7 Signs Your First Date Is Going Well
The Love Doctor Terri Orbuch has shared plenty of relationship advice with us in the past, from how to deal with a crush on your BFF to the signs that you have an unhealthy obsession.
Thanks to her tips of the trade, we're finally feeling ready to master a first date.
But mastering a first date is easier said than done. If your friends are asking about how things went and you're not totally sure how to answer, continue reading for signs that your first date was a success.
1. Their Body Language Says All the Right Things
Even when no one is speaking, body language says volumes. Terri says the first and most important sign that a date is going well is this unspoken language.
"You want to pick up on several different pieces of body language. For example, eyes," she explains. "Are they looking at you, versus their phone, or gazing off into the distance or at their food? If someone is really interested in you and it's going well, their eye contact is a little bit longer."
(Girl Meets World via The Disney Channel)
But it doesn't end at their big beautiful orbs. You also want to be mindful of your date's posture. Terri shares a very simple yet telling tip about the way the other person either leans in or leans out.
"If somebody is leaning their body in rather than out, that means that they're interested and they're listening and they're enjoying the date," she says. "Also, people have a more comfortable sitting or standing position where your hands are down rather than crossed in front of your chest, and that comfortable stance also means that it's going well."
2. They're Listening and Responding
Having a fluid conversation with a new person—whether they're a longtime crush or a blind date—is hard. You may be inclined to pull a Leslie Knope and bring along conversation flashcards, but this would be a no-no if you're looking to have a successful date.
"A first date that's going really well will listen to your answer and continue the conversation," Terri says, "versus someone who has a list of questions they're asking about or someone who is just talking non-stop about themselves."

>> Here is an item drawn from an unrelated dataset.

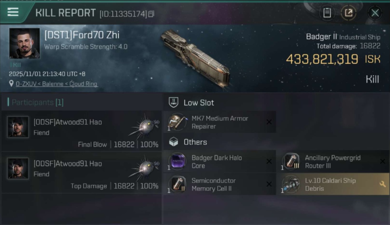1 killmails for 433,821,319 total isk (csv)

(The Fosters via Freeform)
She continues by explaining, "People think that they need to sell themselves, so they just talk on first dates, but that's not going very well. Going well is when you stop talking and ask the other person questions, and then secondly you're responding to their answers with more questions based on those answers."
Not only is this good dating advice, it's also a winning life tip.
3. You Begin to Open Up
This next sign may take you by surprise. Terri mentions that another big sign is revealing parts of yourself you hadn't planning on mentioning.
"I don't mean deep, deep secrets from the past, but when the conversation is going easily and you're not that guarded, you're revealing or sharing something that you didn't think you were going to reveal," she says.
4. You Have a Light Bulb Moment
Sometimes we may think we like someone and it turns out we have nothing in common, whereas other times we're reluctant to go on a date, but we end up sharing many interests. This is what Terri calls a light bulb moment.
"You're saying to yourself, wow I share that same interest, or wow that's exactly like me," she says. "You're finding things in common with this person, but it's surprising because you didn't think you would have that much in common."
5. You're Excited About a Second Date
This sign may seem obvious, but you really have to be honest with your feelings.
"At the end of the first date you feel excited to see that person again," Terri says. "And I'm not talking passion, I'm talking about being hopeful. Many people leave a first date and they go home and think, I have no desire to see that person again, and that's obvious, but they forget to notice when they are hopeful or when there is some excitement."
(The Bold Type via Freeform)
6. They, Too, Are Excited to See You Again
This sign comes along with reading between the lines.
"Lots of people leave a first date saying, I'll talk to you later or hope we can connect again and that's not a good sign," she says. "But when you actually tell this person or they tell you that they had a good time or that they'd like to see you again, that's obviously good."
Terri notes that often people forget to show this sign at the end of a first date, but that it's a very important signal to the other person. You may be shy or afraid to put yourself out there, but you're more likely to go on a second date if you share your honest feelings.
7. All Positive Signs Are Within Reason
Lastly, Terri notes that all of these signs come along with qualifiers—too much of even a good thing can squash the vibe.
For example she says that in terms of sign No. 2, "One of the good signs is that you're getting questions and responses, but it can't sound like a job interview. And looking at those aspects of body language, it can't be creepy or too much, so yes you want to look at someone when they're talking and you want to lean in, but yet you don't want them to be too close."